Pole Qandahari is the name of a basic and secondary school run in Mohammed Agha District in Logar Province situated in eastern Afghanistan.

In some aspects, it is not much different from Czech schools; younger children dash around the yard shouting, while the elder discuss which teacher is tough and which is not.

This is where most of the similarities end. Here in Afghanistan, Pole Qandahari is regarded as an educational institution not exceeding the average. Poorly paid teachers seek to instruct children in reading, writing and arithmetic as well as advanced skills without enough textbooks or appropriate conditions.

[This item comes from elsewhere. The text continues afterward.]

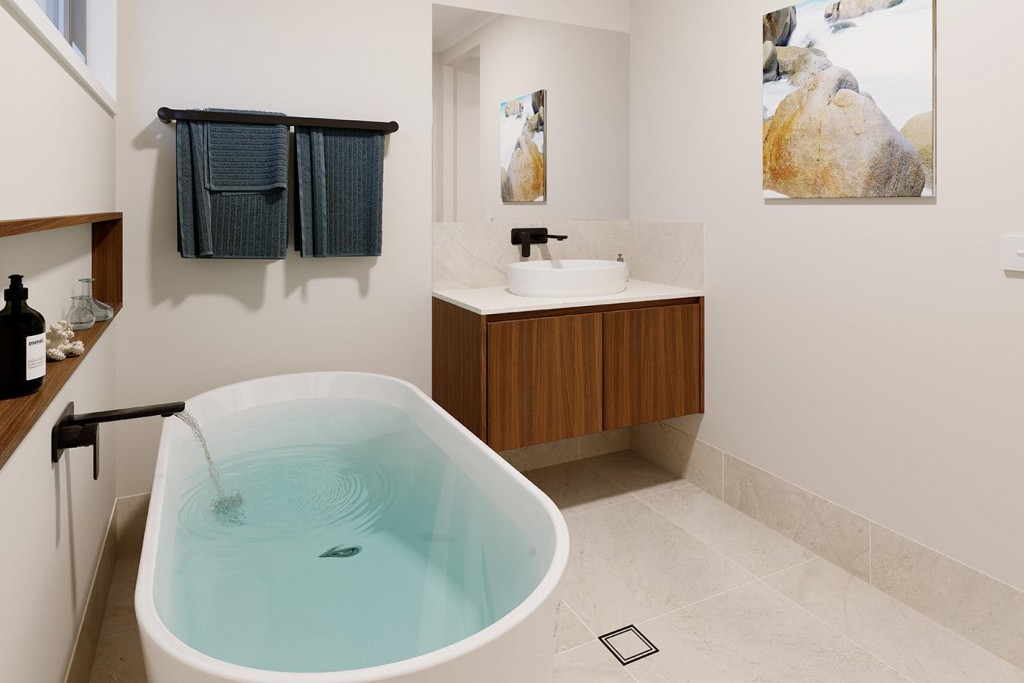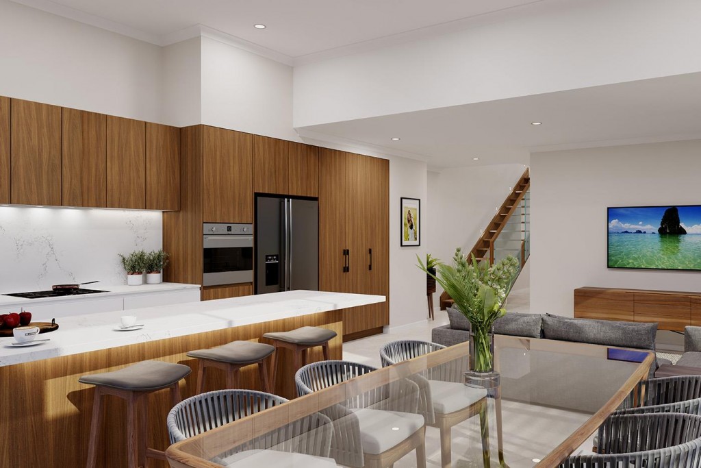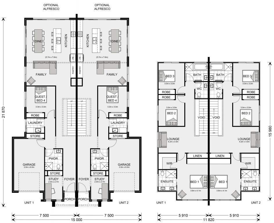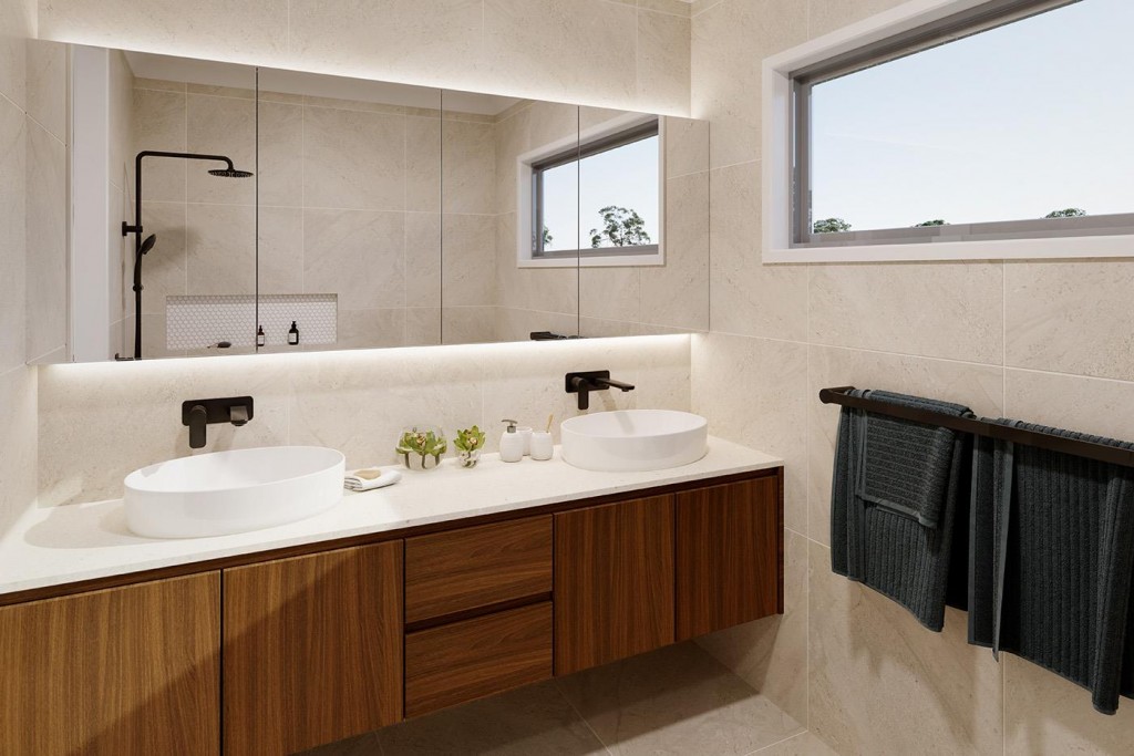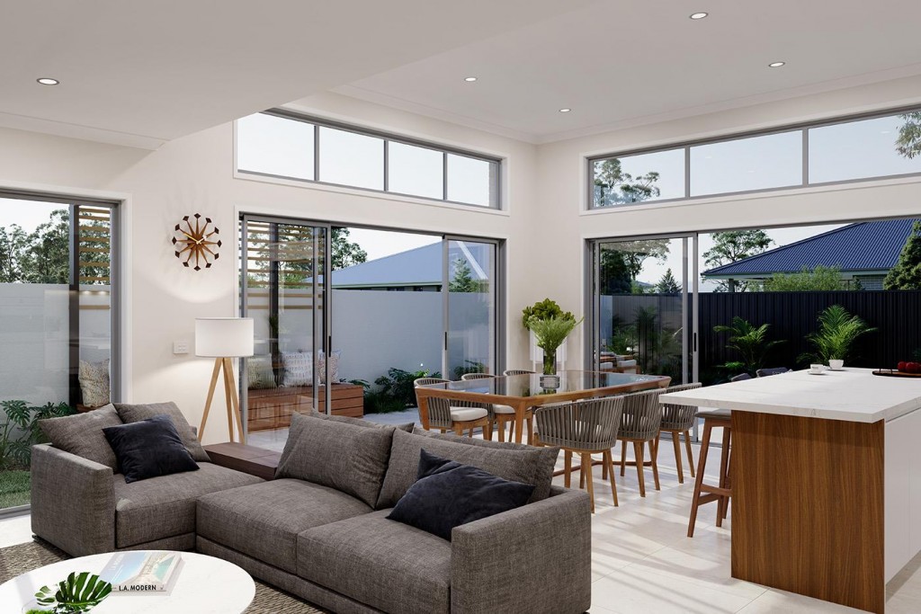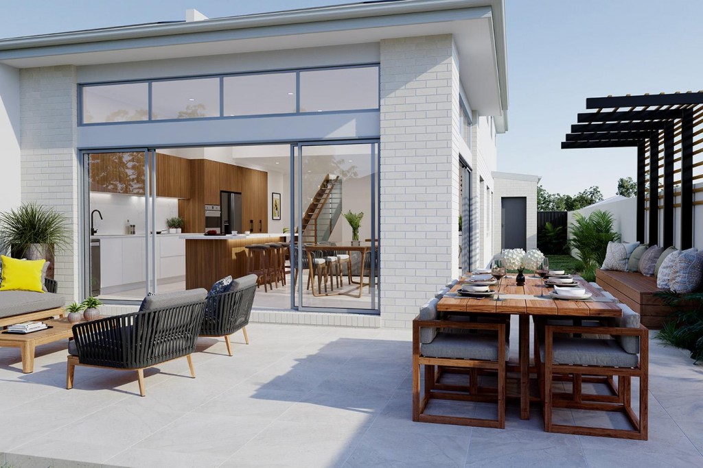 The Chadstone is a two-storey dual occupancy design with identical layouts, features, and impressive street appeal to both dwellings, mirrored and separated by a central dividing wall. Also available as a single dwelling.

“When I came here the first time, the children were learning out in the open, in front of the school building. They were sitting there wrapped in [wool] chadors, half of them shivering with cold,” said Klara Janotova, the civil engineer from the civil section of PRT.

Looking to improve

After only a couple of months, the Czech PRT committed itself to building a decent facility for students of Pole Qandahari.

The PRT constructed a new building with space for 16 classrooms, filled with about 500 students. They also repaired existing buildings.

”So, what we now have is a school made of bricks and concrete. And in the classrooms you can even find school desks. The main thing is that we never again will have to lean in the open,” says Abdul, a 16-year-old student. ”While winters tended to be freezing and I would sometimes get sick, in the summer heat, one simply could not concentrate on anything. The only thing I did appreciate were the breaks; an opportunity for us to go and get chilled at the schoolyard well,” Abdul said as he describes how things were prior reconstruction.

”Rather than building brand new schools ... we put effort into refurbishing the existing ones,” said Matyas Zrno from the civilian section of the Czech PRT. “When coming across kids learning on the floor, in packed classrooms or even in the open, we are certain such a school is worth repair. Children will continue going there and will be [in] an improved environment.”

New schools alleviates crowds

A week ago, reconstruction of the school in Darwish, Pol-e Alam District was completed. Even there, the situation for teachers and kids had been tough prior to the arrival of the Czech PRT.

”It used to look like a roadside market. Without any area fencing, the school had to tolerate people walking everywhere at their convenience,” said Nasim Jan Alimkhail, the school principal. “Apart from being unsafe, the school could easily have become the victim of a terrorist. Moreover, children had to learn in stuffed classrooms, on the floor with nowhere [else] to sit.”

At the moment, the Czech PRT is reconstructing one more school, this one in Azra, one of the most remote regions of Logar Province. This project is also close to completion. Once opened, the school desks waiting in the new building will be filled by 240 kids between 6 and 16 years old.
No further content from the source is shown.